[Met Performance] CID:138170
Lucia di Lammermoor {205} Metropolitan Opera House: 12/13/1944.

(Review)


Metropolitan Opera House
December 13, 1944


LUCIA DI LAMMERMOOR {205}
Donizetti-Cammarano

Lucia...................Patrice Munsel
Edgardo.................Jan Peerce
Enrico..................Leonard Warren
Raimondo................Nicola Moscona
Normanno................Lodovico Oliviero
Alisa...................Thelma Votipka
Arturo..................Richard Manning

Conductor...............Cesare Sodero

Director................Lothar Wallerstein
Designer................Richard Rychtarik
Choreographer...........Laurent Novikoff

Lucia di Lammermoor received ten performances this season.

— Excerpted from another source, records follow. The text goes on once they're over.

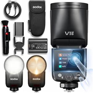 Godox V1-S + XPRO-S Trigger, Li-on TTL On-Camera Round Flash Speedlight Compatibile con fotocamere Sony Mi Hotshoe
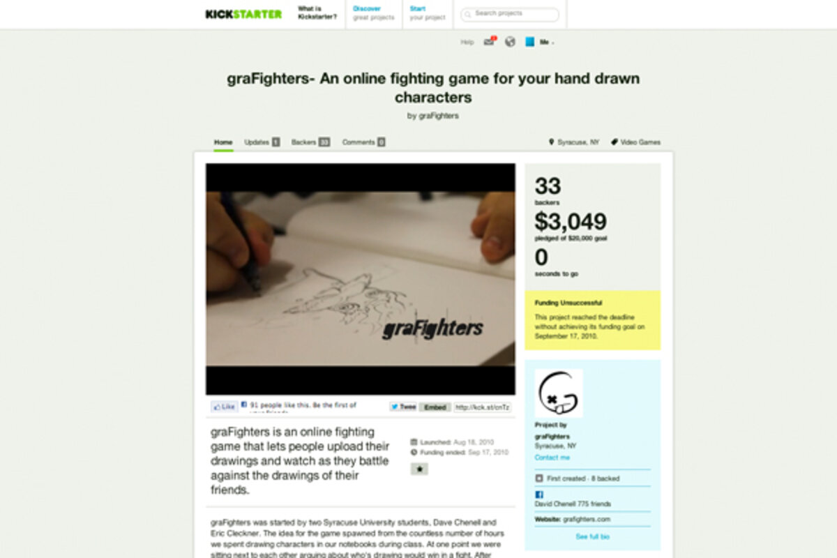 Mr. Cleckner and Mr. Chenell turned to Kickstarter, launching their campaign in August 2009. Grafighters got the attention of some backers and even the staff at Kickstarter, but it raised only $3,000 by its deadline, far from its goal of $20,000.
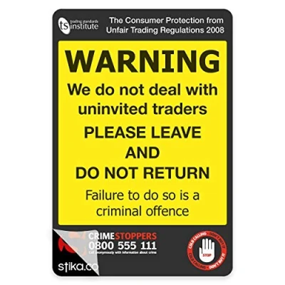 PREMIUM Trading Standards Cold Calling UNINVITED TRADERS Warning Sticker LAMINATED self adhesive Safety Sign
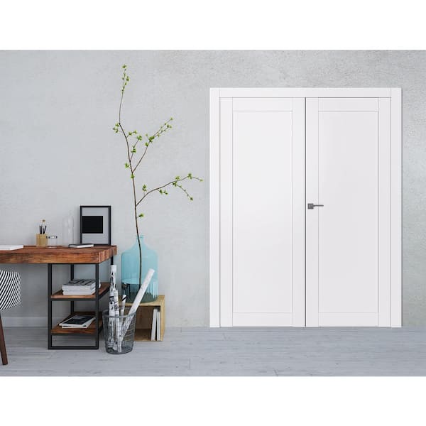 1 Panel Shaker 72 in. x 95.25 in. Both Active Snow White Wood Composite Double Prehung Interior Door
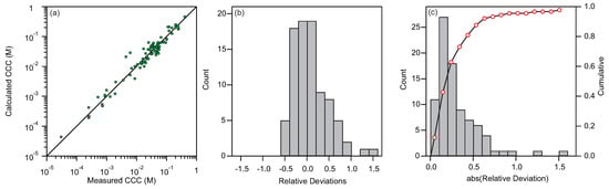 Deviations of calculated and experimental CCCs. (a) Comparison of calculated and measured CCCs for all samples. (b) Distribution of relative deviations between calculated and measured CCCs. (c) Distribution of absolute values of relative deviations between calculated and measured CCCs shown with bars with scale on the left side. The points show the cumulative of the distribution with scale on the right side.
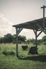 Cette image, "Bèf an savann", capture la quiétude d'une scène rurale typique de l'île.
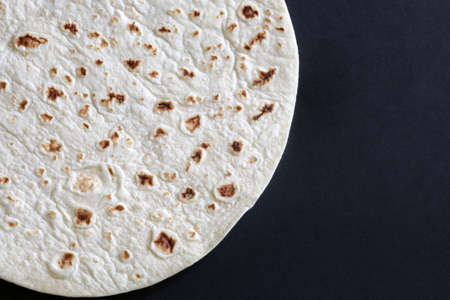 Grilled tortilla. Mexican flatbread - tortilla on a black concrete background with flour.
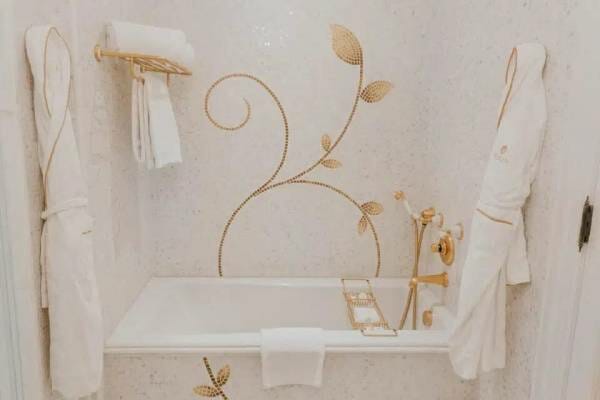 Nous avons souhaité commencer doucement. Oui, doucement est une façon de parler car, bien que la baignoire en elle-même soit relativement sobre, la sublime mosaïque qui la parcourt est faite d’or. Il en va de même pour la robinetterie, et vous pourrez ainsi trouver dans cet hôtel, un magnifique lavabo recouvert d’or 24 carats.
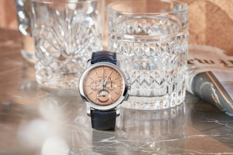 江诗丹顿推出铂金表壳与鲑鱼色表盘的Traditionnelle传袭系列万年历计时腕表
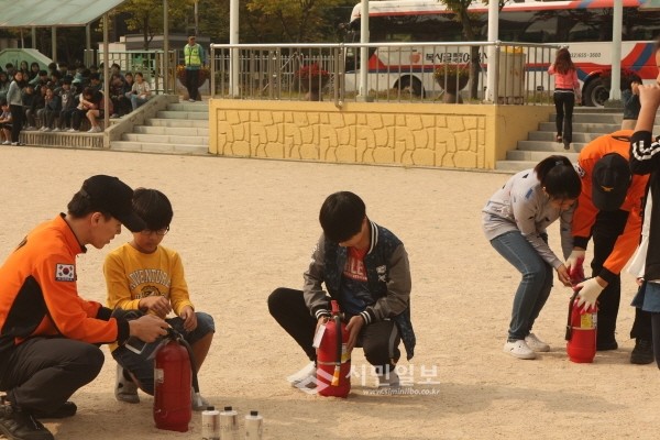경기 부천시 동산초등학교는 11일 내동119 안전센터의 협조 아래 비상시 초기 대응력 제고를 위한 '2016년 합동 소방훈련'을 실시했다. 사진은 소방관들이 학생들에게 소화기 사용법에 대해 알려주는 모습.(사진제공=부천교육지원청)
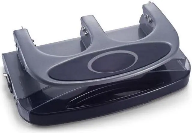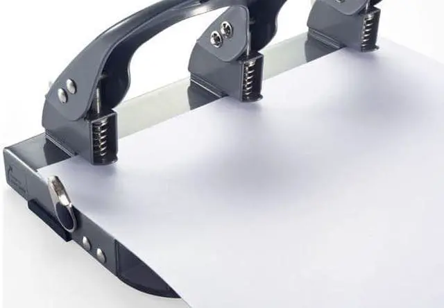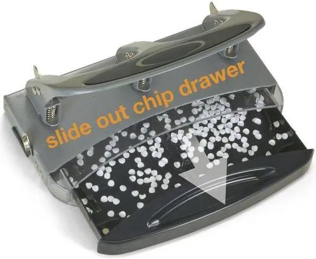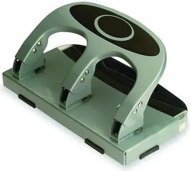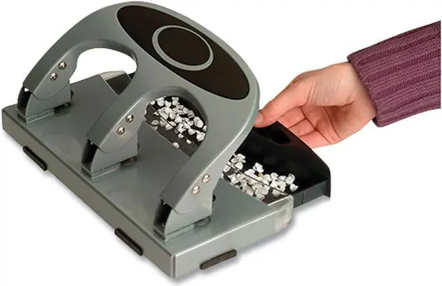 Manual Paper Hole Punch, Sheet Capacity 45, Hole Dia. 1/4 in, Color Silver, Material Metal, Features Built-In Guide, Padded Handle, Chip Tray with Window. This item has been restricted from sale in the following state (s): []
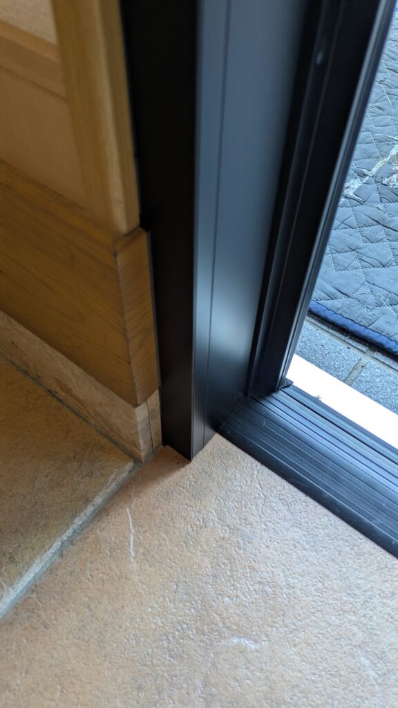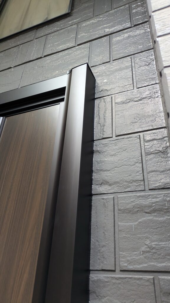 外側も既存のドア枠を覆うカバーがつき、外壁との間にはコーキングという外壁とのアルミのカバー枠を繋ぐボンドのような材料を使って作業します。
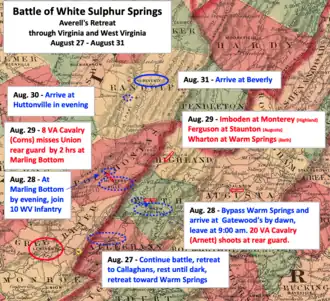 Averell's brigade moved north to Big Spring in Pocahontas County, and continued north at 2:00 am on August 30.[102] They cut through a blockade on August 30, and arrived at Beverly on August 31.[108] Averell's report devoted about half of a page to a retreat that lasted between three and four days, suggesting his retreat was orderly and deliberate.[102] However, abandoning wounded, night marches, road blockades, and fires left burning to deceive the enemy, are signs of concern about the safety of the brigade.[109] A soldier from the 2nd West Virginia Infantry described the retreat as "a hard, trying march, and we were mercilessly bushwhacked".[108]

Review of Mark A. Shubart in The New York Times

MISS MUNSEL MAKES HER DEBUT IN 'LUCIA'

Last night's performance of `Lucia," the first of the season at the Metropolitan, was generally a lacklustre affair, with little more than competence on the stage and some uninspired playing in the pit. It had neither pace nor style, and the elaborate Metropolitan sets and costumes did not help to detract attention from the fact.

Singing the title role for the first time, Miss Munsel did little to change earlier evaluations of her abilities. Despite the remarkable agility of her voice, which negotiated the florid coloratura arias with apparent ease and lent her singing a falsely spectacular appearance, it is a small soprano, and one which is lacking in warmth and vibrancy. Above G and A flat it has a light, birdlike quality, but the lower register is neither strong enough, nor dramatic enough, successfully to portray an essentially dramatic role such as Donizetti's.

In that most famous of all coloratura tours-de-force, the Mad Scene, Miss Munsel had ample opportunity to display vocal pyrotechnics and did so to the obvious enjoyment of the audience. That she sang the role with poise and assurance is, at the age of 19, something of an achievement. But her immaturity in dealing with the serious vocal and dramatic problems inherent in the role should give pause for thought in the planning of her future career.

The rest of the cast, overshadowed by Miss Munsel's efforts, produced no distinguished performances. Mr. Peerce was not in good voice and, despite his usual impeccable musicianship, was reduced, at times, to shouting. Mr. Warren, too, seemed to fall under the spell of the hour, and Mr. Manning has yet to display more than routine talents. Mr. Moscona and Miss Votipka were perhaps the only singers who escaped from the evening unscathed, both singing with a vocal assurance and stagecraft suitable to the Metropolitan.